1 Therefore, I have a request for the elders among you. (I ask this as a fellow elder and a witness of Christ’s sufferings, and as one who shares in the glory that is about to be revealed.) I urge the elders: 2 Like shepherds, tend the flock of God among you. Watch over it. Don’t shepherd because you must, but do it voluntarily for God. Don’t shepherd greedily, but do it eagerly. 3 Don’t shepherd by ruling over those entrusted to your care, but become examples to the flock. 4 And when the chief shepherd appears, you will receive an unfading crown of glory.
5 In the same way, I urge you who are younger: accept the authority of the elders. And everyone, clothe yourselves with humility toward each other.

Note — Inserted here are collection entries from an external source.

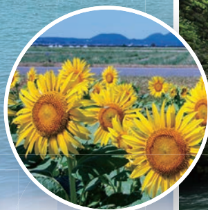
中央干拓地の ひまわり
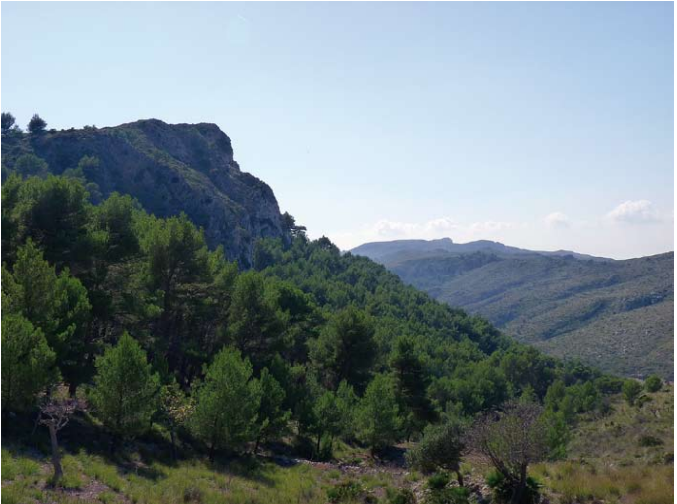
Puig des Corb

Travessam el Campament i iniciam la caminada pel tirany que s'allunya d'aquí en direcció sud-est. Passat el tancat que envolta el conjunt de runes, hi trobam un aljub i unes piques, que també emprava la colònia penitenciària. Poc després veim una darrera caseta i el traçat senyalitzat ens condueix a l'esquerra, deixant a la nostra esquena el puig des Corb.
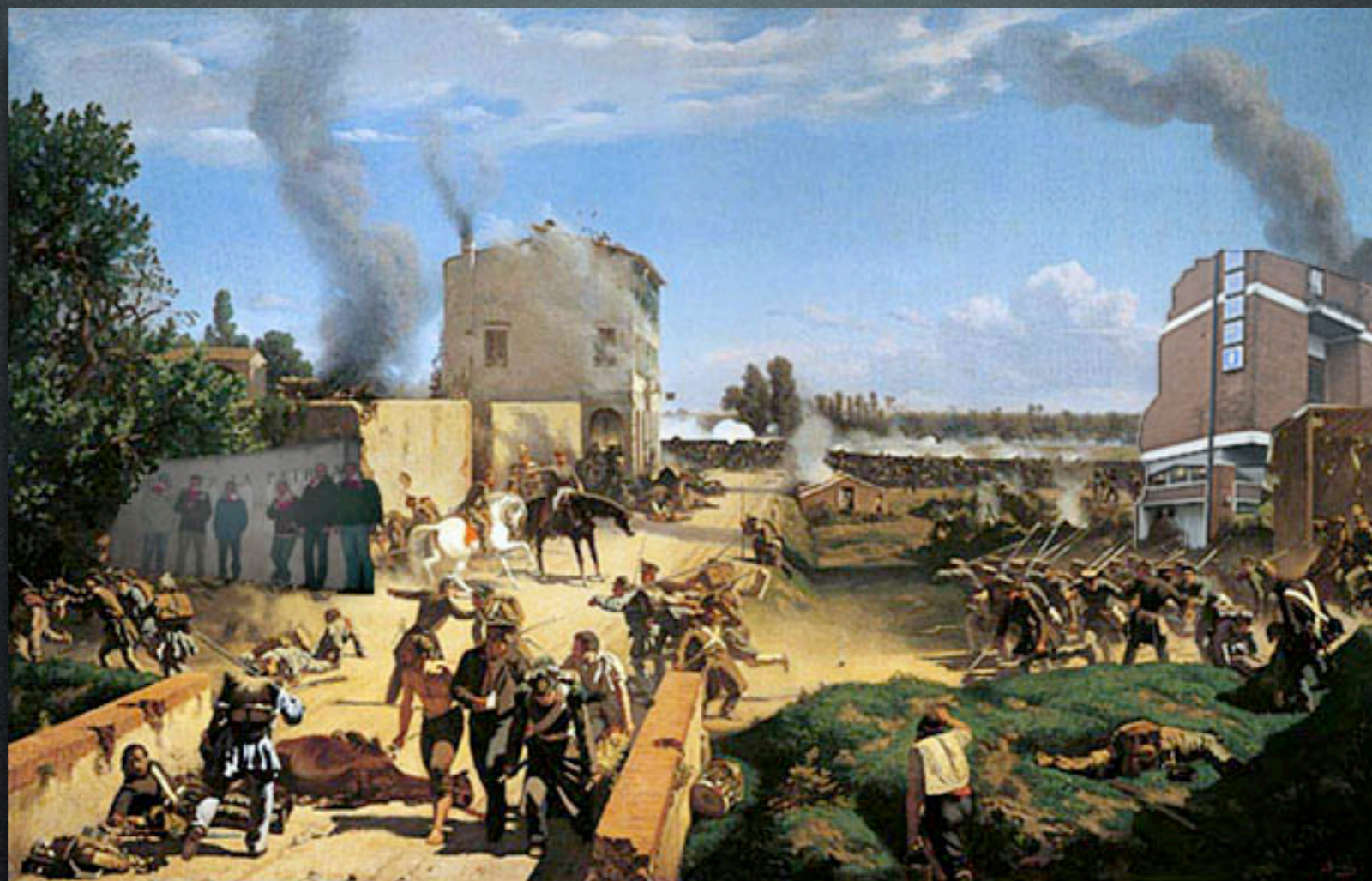
Pietro Senno - I toscani e gli umbri a Curtatone e Montanara (1861)
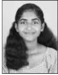
അമ്പിയ സാമുവൽ പള്ളിപ്പറമ്പിൽ
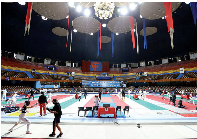
La instalación de Vía Blanca y Boyeros ha sido sede de eventos internacionales de muchos deportes.

En el Salón del Deporte Cubano, Reyes dijo que el coliseo es su segunda casa. “Como mismo extraño al Prado donde nací, o al Malecón, cuando estoy más de una semana sin venir al coliseo lo extraño, porque representa un sitio muy especial. Es expresión de éxito, de los logros del deporte cubano”.
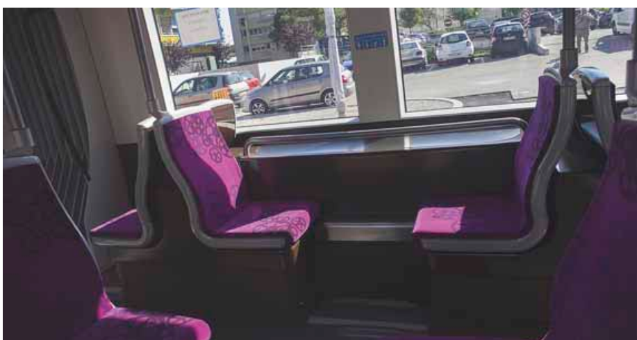
↑ 38 PLACES ASSISES DONT CERTAINES SONT RÉSERVÉES POUR LES PERSONNES PRIORITAIRES TELLES QUE LES PERSONNES ÂGÉES, LES FEMMES ENCEINTEES...

Architecture au sein de l'équipe de maîtrise d'œuvre. C'est en partie grâce à ce travail de concertation que le tram répondra en tout point aux exigences de l'arrêté du 13 juillet 2009, relatif à la mise en accessibilité des véhicules de transport public.»

God stands against the proud, but he gives favor to the humble.
6 Therefore, humble yourselves under God’s power so that he may raise you up in the last day.
Peter called on early Christian converts (and us) to find the freedom that comes from humility with each other and trust in God. Too often, we’re tempted (like many church reformers at some point in their life) to link the idea of “reform” with “We have to do everything my way.” But Peter said “no” to that idea. Relate to each other humbly, he wrote, and trust your anxieties to God.
Lord Jesus, maybe I need a new mental “outfit.” Help me every day, in all my contacts, to clothe myself with humility toward the other people with whom I deal. Amen.
I once heard a story of a little boy approaching a rabbi with a big question. The story goes that the boy asked why he could not see the face of God from an airplane window. The rabbi responded that you have to go low to see God, not high. He went on to explain to the boy that the face of God is found when you kneel, bow down, and lower yourself to God.
I think this story can teach us something about humility. Humbling before God by physically and spiritually lowering ourselves is surrendering to the power of God. It is an invitation from you to God, to the possibilities of partnership with God.
My parents love to tell the stories of my “I-do-it-myself” stage during my second year of life. Apparently, I was determined not to let anyone help me do anything. One of their favorites to tell is when I was standing at the top of a long stairway, insisting upon carrying a heavy 1970’s booster seat down the steps by myself. My mom was trying to take it out of my hands to keep me safe, and as I stubbornly pulled it back away from her, I uttered the infamous words, “NO, I DO IT MYSELF!” And then I tumbled down the stairs holding the booster seat, cartwheeling down each step.
There are still days when my lack of humility resembles that infamous day. I continue to think I can do it myself. I forget that God would love to carry the booster seat for me. God is standing beside me open-armed waiting for me to hand it over. Wanting to keep me safe from bad decisions. Waiting for me to look up with longing eyes asking for help, surrendering my will, humbly allowing God to take the lead.
Sometimes it is hard to ask for help. It is hard to relinquish control. It is hard to admit that our way is not working. So, how do we humble ourselves to God and others?
Pray more than plan. Listen more than talk. Contribute more than criticize. Invite more than exclude. Respect more than shame. Educate more than ignore.
Dear God, I surrender my will to you. Show me who you would have me serve, where you would have me go, and what you would have me say. Use me as an instrument of your love and peace. Changing things in our world, nation, community, church, and in myself is possible, but I cannot do it alone. Show me the way. Amen.